裴雾回没答, 只是用指尖挑着动竹针,按着她试戴后的尺寸重新调整。
迟薰看着他垂下去的眼睫,后知后觉地反应过来:“……难道是多里安?”看到稳稳交织的毛线忽然缠错一针, 她一点点挪到他身边:“你不会是在吃醋吧?”
“没有。”
裴雾回被她身子黏紧也依旧坐得笔直。
迟薰把脑袋凑到他眼皮底下:“你看着我嘛,真的没有吗?一点都没?”
被她死皮赖脸追问的裴雾回这才停下动作,抬眼时眉眼还拢着一层薄薄的冷意,像隔着雾,但被她盯得太久,那层雾就散了,耳根也爬上一点红。
他偏过头,嗔她道:“……坐好。”
“我就不。”迟薰双臂一揽收紧他细腰,下巴贴着他沐浴后还香着的领口乱蹭,“师哥师哥你就不想听我解释吗,解释这个手套是谁买给我的。”
蹭着蹭着,那双手也卡在了他腰侧最细处。
残留着昨晚记忆的身体本能一软,裴雾回只好用手掌覆上她的额头轻轻往外推,眉心还蹙着:“先去洗澡。”
迟薰看到他开衫里干净的浴袍,才想起来自己这一身确实不干净,在店里混了一下午,又去教室滚过地板。
她依依不舍地松开他,松开前还埋头猛吸了一大口,这才心满意足地起身。
迟薰一开始是这样计划的。
但她没想到她放开裴雾回时,男人一声极轻的、闷闷的嗯声,像猫被挤压后的动静,而他自己似乎也没意料到,那张清冷的脸上很快浮起一丝茫然。
迟薰的步子彻底迈不动了。
下一秒她就扑了回去,在他微微睁大的注视下把他拱倒在地。
裴雾回后背着地,闷哼一声,嘴唇动了动想要拒绝。
而女孩压根没给他开口的机会,整个人热烘烘地压上来,笨拙又不管不顾地啃上他。
“地上……凉。”
他轻喘着堪堪挤出半句,就和昨晚一样被摁住了肩膀。
很快,茶几上缠好的毛线团就被撞得滚出去老远。
粉色毛线堆叠在两人身上,好似缠绕住了彼此的手脚,动静越大,某些地方就缠得越紧,仿佛要缠成死结。

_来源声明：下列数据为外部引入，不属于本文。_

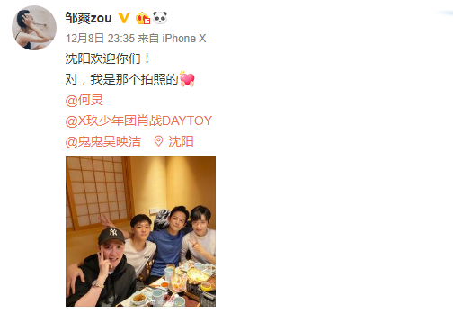 12月8日,认证为辽宁广播电视台编导的博主晒出何炅、肖战、鬼鬼的合影,并配文:“沈阳欢迎你们!”照片中,鬼鬼身着黄色毛衣摆出酷酷的表情,肖战坐在何老师旁边可爱地比“耶”。

像画卷一样被摊开呈现在她眼底的漂亮Omega,很快也被蹂.躏得吟.喘不断。
这样的动静仿佛成了出租屋里的某种调味剂,也把迟薰勾得心痒痒,她手指按上他滚动的喉结,想听得更清楚一些,齿尖也顺势咬住他后颈的皮肉。
可就当那阵低.颤的声调快要往上走时,她脑子里却冷不丁蹦出楼下女人凑在她耳边说的那句话——
“能不能让你家男人小点声叫。”
迟薰大窘,在最后关头用双手捂紧了他嘴唇,将那些难.捺的喘声尽数堵下去。
堵得太突然又太紧,那些悬而未泄的情绪尽数浮现在他脸上,他脸颊锁骨肩窝都泛起一层潮红,整个人战.栗着软成了一滩水,抓着她腿弯的双手脱力地滑了下去。
迟薰也过了好久才回神。
看到地上被她欺负得乱七八糟的男人,她连忙松开手,确定人没窒息后才软声道:“师哥……你还好吧……”
漂亮Omega脸上尽是汗,整个人奄奄一息的,就连往日打理顺滑的粉色发辫也凌乱地缠挂在脖颈上。
她怕他缠着不舒服,过去将它拨回来,还没放正,头顶就传来断断续续的声音。